Published On: 03.27.24 | 

By: Barnett Wright

Consolidated Pipe & Supply to build new headquarters in Birmingham, Alabama, and add jobs

Consolidated Pipe – Birmingham

Consolidated Pipe and Supply is a family-owned business based in Birmingham. It serves customers nationwide. (contributed)

Birmingham-based Consolidated Pipe & Supply Company, Inc. will invest $28.7 million to build a new corporate headquarters on Lakeshore Parkway and create at least 40 new full-time jobs.

Consolidate Pipe officials said the company has outgrown its current home office on the campus of Birmingham-Southern College. The Jefferson County Commission has approved economic incentives of up to $290,000, with the relocation expected to be complete by Dec. 31, 2028.

The average annual salary for the new jobs will be about $58,000, according to Consolidated Pipe, which will combine its distribution and warehousing operations and management for the sale of pipes, fittings and valves, as well as expand its pipe-coating function and facilities at the Lakeshore location and one at Avenue V in Birmingham’s Ensley neighborhood.

“Consolidated Pipe has a long history in Jefferson County, dating back to 1960,” said Jeff Traywick, economic development advisor for the Jefferson County Commission. “With several operations in Birmingham and Bessemer, they make a significant contribution to our local economy.”

“Ensuring that their corporate operations stay here and that they have the ability to also grow their Ensley operation will ensure that they continue their presence in the area for many years to come,” said.

Jefferson County Commissioner Mike Bolin, chairman of the panel’s economic development committee, said, “Providing businesses and industry, like Consolidated Pipe, both the ability and the inclination to always remain in Jefferson County is government at its best … successful economic development plans ultimately provide good paychecks to both its new and existing employees. It just does not get any better than that.”

Tom Brinkley, attorney with Maynard Nexsen, and Barry Howton of Consolidated Pipe & Supply with a rendering of the new company headquarters. (Barnett Wright / The Birmingham Times)

Consolidated Pipe has operated a coating facility and warehouse in Ensley since July 1960, one of its 70 locations across the country. It manufactures pipe for use in water, sewer and gas lines. It’s owned by the Kerr family, which is in its third generation of ownership, Consolidated Pipe CEO Barry Howton said.

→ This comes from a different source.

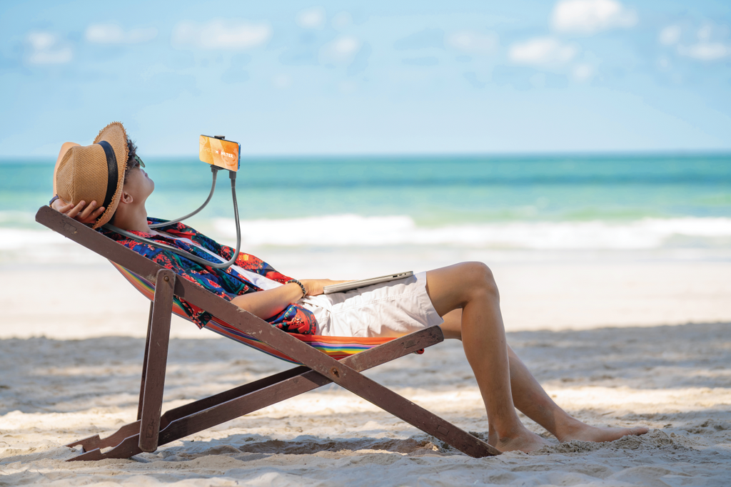 • Luta dig tillbaka i brassestolen och njut av film, klipp eller facetime på din smartphone

The Birmingham City Council in September approved rezoning for a light manufacturing district for 28 acres located at 705 Tom Martin Drive and 801 Lakeshore Parkway. The new Consolidated Pipe headquarters would include a corporate office, sales office and distribution center.

Howton told the Birmingham City Council that there would be some storage of mostly PVC and polyethylene pipe on the 14 developed acres of the new campus. The remainder of the property will remain wooded to provide a buffer from nearby neighborhoods.

Traywick said the county’s incentives, combined with support from Birmingham and the state, are offsetting the costs of site development, “which is significant due to topography and the need to extend sewer service to the site.”

Howton said the BSC campus office was intended for 60 employees but now houses 100. Once the new headquarters is built, there will be room to add another 20 new positions, he said.

Consolidated Pipe & Supply is building a new headquarters, adding jobs. (Greg Garrison)

Howton told the City Council that the company has already donated its current headquarters building, valued at $2.5 million, to BSC and since January 2023 has been paying rent to the college.

Over the life of the project, even with incentives in place, the county expects the project to generate more than $2.1 million in tax revenue, of which $945,990 will go to county schools, Traywick said.

“To put this into perspective, that would equal about 13,500 new textbooks or about 19 new teachers, and this doesn’t even include the new revenues to the city and state,” he said.